# Simple question about Motion graphs/trajectory

• physics213
In summary, the velocity of a ball thrown up and reaching the height of its trajectory is equal to zero only for an instant. The acceleration of the ball can be calculated using the slope of the velocity graph, which is constant throughout the motion despite the ball rising and falling. This is due to the unbroken line on the graph, representing the constant acceleration of gravity.

#### physics213

Two questions:

1.) When you throw a ball up and it reaches the height of its trajectory, is the velocity equal to zero only for an INSTANT or for LESS THAN A SECOND BUT MORE THAN AN INSTANT? The velocity graph is sloping straight downwards with no breaks.

2.) If you are given a x(t) graph that shows a simple parabolic motion (throw ball up and comes down) and a v(t) graph that is a straight line sloping downwards (starting above the x-axis and ending below the x axis), how would you calculate the acceleration (ball is thrown on another planet)?

Any help is appreciated. Thanks.

Welcome to PF!

Hi physics213! Welcome to PF!
physics213 said:
1.) When you throw a ball up and it reaches the height of its trajectory, is the velocity equal to zero only for an INSTANT or for LESS THAN A SECOND BUT MORE THAN AN INSTANT? The velocity graph is sloping straight downwards with no breaks.
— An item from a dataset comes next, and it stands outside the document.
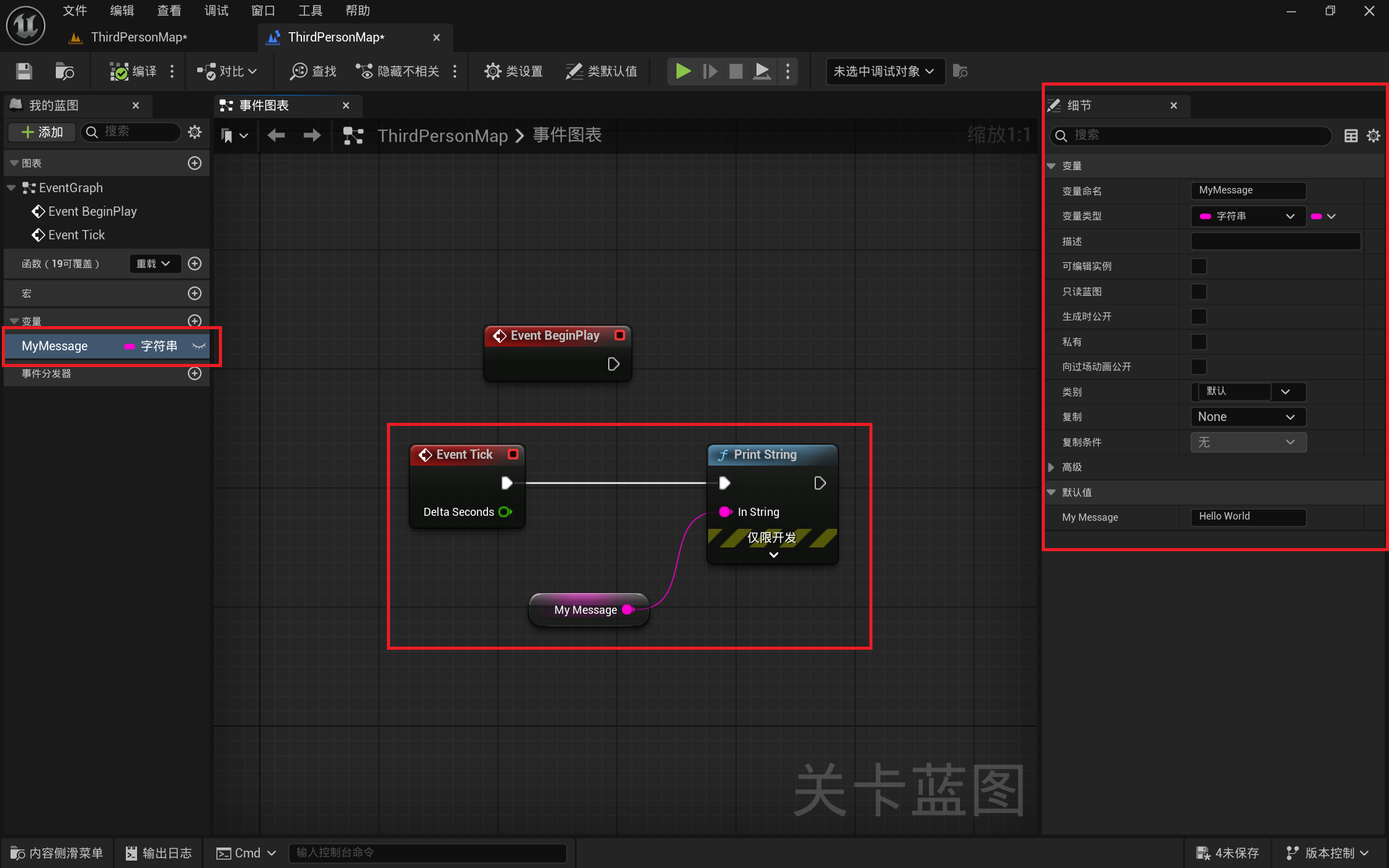 下图两个事件节点类似于unity的start函数和update函数,start函数在开始时执行一次,update函数每一帧都会执行

Only an instant (in other words, no time at all).

(Obviously, that's for a ball going straight up. If it's a parabola, then the vertical component is zero for an instant.)
2.) If you are given a x(t) graph that shows a simple parabolic motion (throw ball up and comes down) and a v(t) graph that is a straight line sloping downwards (starting above the x-axis and ending below the x axis), how would you calculate the acceleration (ball is thrown on another planet)?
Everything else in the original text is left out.